Task instructions | Line by line, transcribe the data below exactly and pass over the images.

Stored items
+-------+
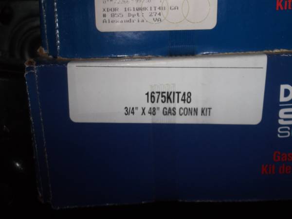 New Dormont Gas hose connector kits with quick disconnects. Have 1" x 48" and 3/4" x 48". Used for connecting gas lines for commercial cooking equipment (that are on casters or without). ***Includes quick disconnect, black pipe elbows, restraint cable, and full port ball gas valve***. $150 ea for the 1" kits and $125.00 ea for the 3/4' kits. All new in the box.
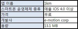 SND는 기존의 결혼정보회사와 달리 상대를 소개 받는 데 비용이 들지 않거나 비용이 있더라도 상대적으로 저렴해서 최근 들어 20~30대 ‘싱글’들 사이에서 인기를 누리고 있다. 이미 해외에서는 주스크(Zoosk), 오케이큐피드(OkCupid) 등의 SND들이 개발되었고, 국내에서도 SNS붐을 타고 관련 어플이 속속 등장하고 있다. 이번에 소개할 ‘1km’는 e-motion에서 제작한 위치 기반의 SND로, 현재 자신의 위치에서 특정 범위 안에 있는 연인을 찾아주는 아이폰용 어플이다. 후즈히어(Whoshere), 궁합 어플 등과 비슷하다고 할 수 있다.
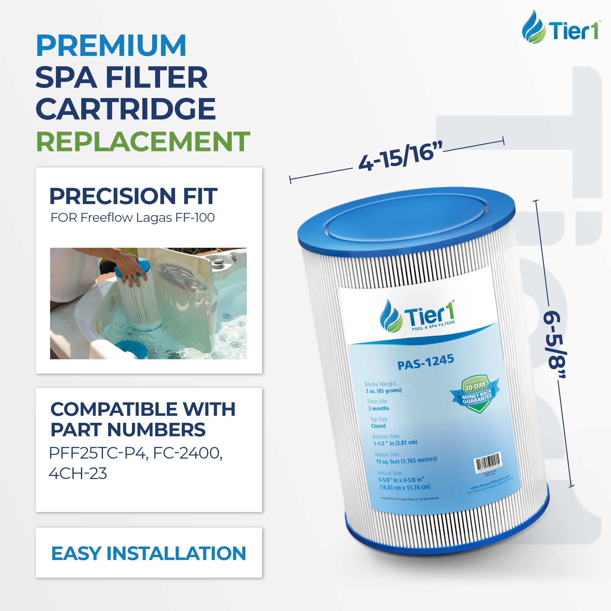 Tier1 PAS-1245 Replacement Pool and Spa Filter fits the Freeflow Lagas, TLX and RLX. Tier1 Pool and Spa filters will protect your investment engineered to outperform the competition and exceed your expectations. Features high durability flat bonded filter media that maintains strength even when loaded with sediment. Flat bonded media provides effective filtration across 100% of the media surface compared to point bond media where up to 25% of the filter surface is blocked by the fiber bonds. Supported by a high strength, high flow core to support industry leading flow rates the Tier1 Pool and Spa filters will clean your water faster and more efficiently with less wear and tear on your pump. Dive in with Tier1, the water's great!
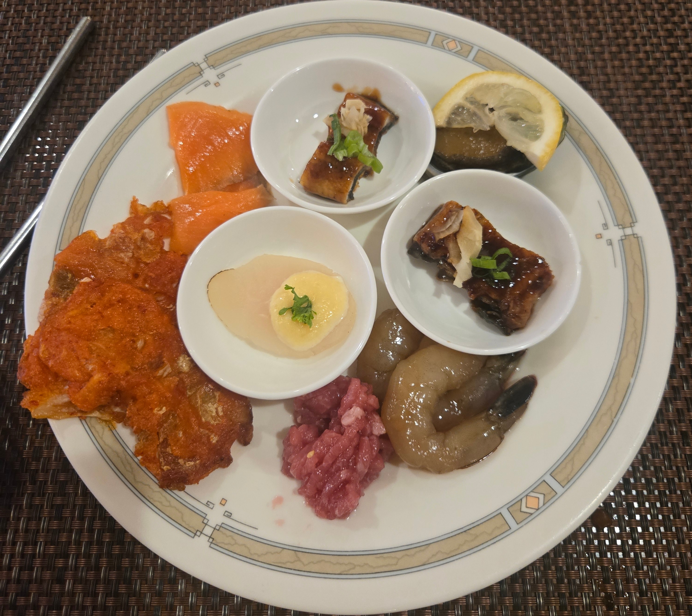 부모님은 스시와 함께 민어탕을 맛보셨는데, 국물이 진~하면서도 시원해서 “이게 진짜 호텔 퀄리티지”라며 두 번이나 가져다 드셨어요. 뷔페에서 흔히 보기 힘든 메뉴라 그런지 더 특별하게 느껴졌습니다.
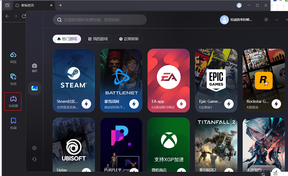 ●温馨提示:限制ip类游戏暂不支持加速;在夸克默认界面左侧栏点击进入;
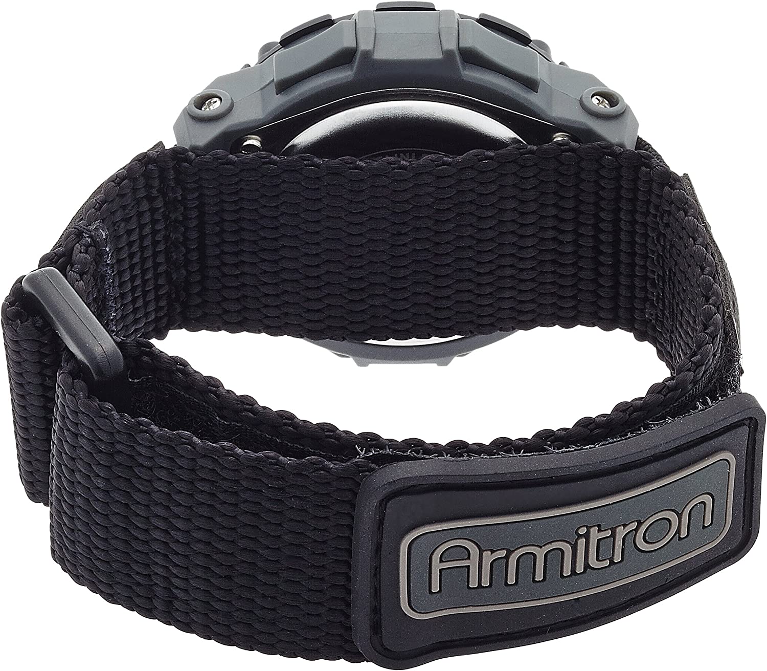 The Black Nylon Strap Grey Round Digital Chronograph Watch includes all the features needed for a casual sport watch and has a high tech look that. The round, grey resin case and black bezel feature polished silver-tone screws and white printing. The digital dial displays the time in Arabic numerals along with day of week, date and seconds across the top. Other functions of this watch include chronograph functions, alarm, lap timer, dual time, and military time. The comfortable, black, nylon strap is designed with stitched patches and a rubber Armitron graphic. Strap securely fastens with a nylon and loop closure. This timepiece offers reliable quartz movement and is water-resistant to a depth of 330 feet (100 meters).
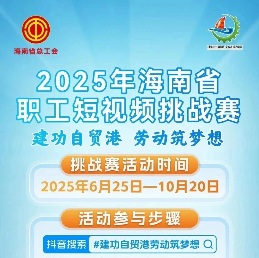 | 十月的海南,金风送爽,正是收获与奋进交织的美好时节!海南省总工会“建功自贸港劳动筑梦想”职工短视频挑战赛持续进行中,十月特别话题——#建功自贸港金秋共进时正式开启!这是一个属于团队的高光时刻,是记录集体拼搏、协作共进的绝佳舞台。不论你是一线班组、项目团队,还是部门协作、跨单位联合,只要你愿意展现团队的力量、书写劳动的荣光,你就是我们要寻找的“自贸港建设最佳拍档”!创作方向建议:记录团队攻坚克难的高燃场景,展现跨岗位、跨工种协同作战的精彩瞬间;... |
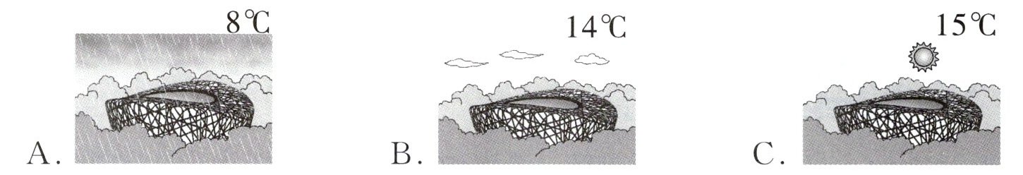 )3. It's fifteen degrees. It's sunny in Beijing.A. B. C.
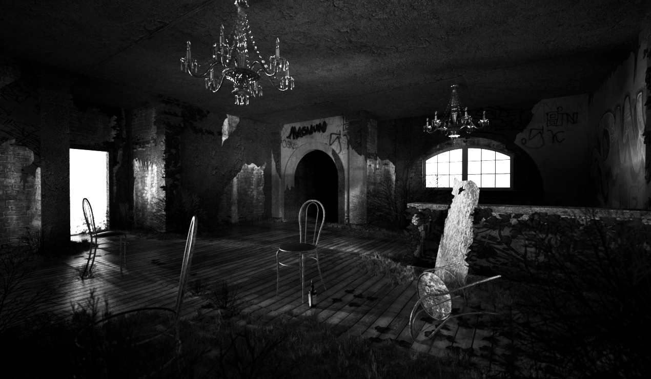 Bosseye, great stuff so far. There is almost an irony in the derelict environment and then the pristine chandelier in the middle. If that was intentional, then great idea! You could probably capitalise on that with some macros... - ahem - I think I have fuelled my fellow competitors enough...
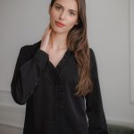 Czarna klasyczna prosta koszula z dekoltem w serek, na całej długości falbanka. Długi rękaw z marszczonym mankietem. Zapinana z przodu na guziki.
+-------+
Output below |
 New Dormont Gas hose connector kits with quick disconnects. Have 1" x 48" and 3/4" x 48". Used for connecting gas lines for commercial cooking equipment (that are on casters or without). ***Includes quick disconnect, black pipe elbows, restraint cable, and full port ball gas valve***. $150 ea for the 1" kits and $125.00 ea for the 3/4' kits. All new in the box.
 SND는 기존의 결혼정보회사와 달리 상대를 소개 받는 데 비용이 들지 않거나 비용이 있더라도 상대적으로 저렴해서 최근 들어 20~30대 ‘싱글’들 사이에서 인기를 누리고 있다. 이미 해외에서는 주스크(Zoosk), 오케이큐피드(OkCupid) 등의 SND들이 개발되었고, 국내에서도 SNS붐을 타고 관련 어플이 속속 등장하고 있다. 이번에 소개할 ‘1km’는 e-motion에서 제작한 위치 기반의 SND로, 현재 자신의 위치에서 특정 범위 안에 있는 연인을 찾아주는 아이폰용 어플이다. 후즈히어(Whoshere), 궁합 어플 등과 비슷하다고 할 수 있다.
 Tier1 PAS-1245 Replacement Pool and Spa Filter fits the Freeflow Lagas, TLX and RLX. Tier1 Pool and Spa filters will protect your investment engineered to outperform the competition and exceed your expectations. Features high durability flat bonded filter media that maintains strength even when loaded with sediment. Flat bonded media provides effective filtration across 100% of the media surface compared to point bond media where up to 25% of the filter surface is blocked by the fiber bonds. Supported by a high strength, high flow core to support industry leading flow rates the Tier1 Pool and Spa filters will clean your water faster and more efficiently with less wear and tear on your pump. Dive in with Tier1, the water's great!
 부모님은 스시와 함께 민어탕을 맛보셨는데, 국물이 진~하면서도 시원해서 “이게 진짜 호텔 퀄리티지”라며 두 번이나 가져다 드셨어요. 뷔페에서 흔히 보기 힘든 메뉴라 그런지 더 특별하게 느껴졌습니다.
 ●温馨提示:限制ip类游戏暂不支持加速;在夸克默认界面左侧栏点击进入;
 The Black Nylon Strap Grey Round Digital Chronograph Watch includes all the features needed for a casual sport watch and has a high tech look that. The round, grey resin case and black bezel feature polished silver-tone screws and white printing. The digital dial displays the time in Arabic numerals along with day of week, date and seconds across the top. Other functions of this watch include chronograph functions, alarm, lap timer, dual time, and military time. The comfortable, black, nylon strap is designed with stitched patches and a rubber Armitron graphic. Strap securely fastens with a nylon and loop closure. This timepiece offers reliable quartz movement and is water-resistant to a depth of 330 feet (100 meters).
 | 十月的海南,金风送爽,正是收获与奋进交织的美好时节!海南省总工会“建功自贸港劳动筑梦想”职工短视频挑战赛持续进行中,十月特别话题——#建功自贸港金秋共进时正式开启!这是一个属于团队的高光时刻,是记录集体拼搏、协作共进的绝佳舞台。不论你是一线班组、项目团队,还是部门协作、跨单位联合,只要你愿意展现团队的力量、书写劳动的荣光,你就是我们要寻找的“自贸港建设最佳拍档”!创作方向建议:记录团队攻坚克难的高燃场景,展现跨岗位、跨工种协同作战的精彩瞬间;... |
 )3. It's fifteen degrees. It's sunny in Beijing.A. B. C.
 Bosseye, great stuff so far. There is almost an irony in the derelict environment and then the pristine chandelier in the middle. If that was intentional, then great idea! You could probably capitalise on that with some macros... - ahem - I think I have fuelled my fellow competitors enough...
 Czarna klasyczna prosta koszula z dekoltem w serek, na całej długości falbanka. Długi rękaw z marszczonym mankietem. Zapinana z przodu na guziki.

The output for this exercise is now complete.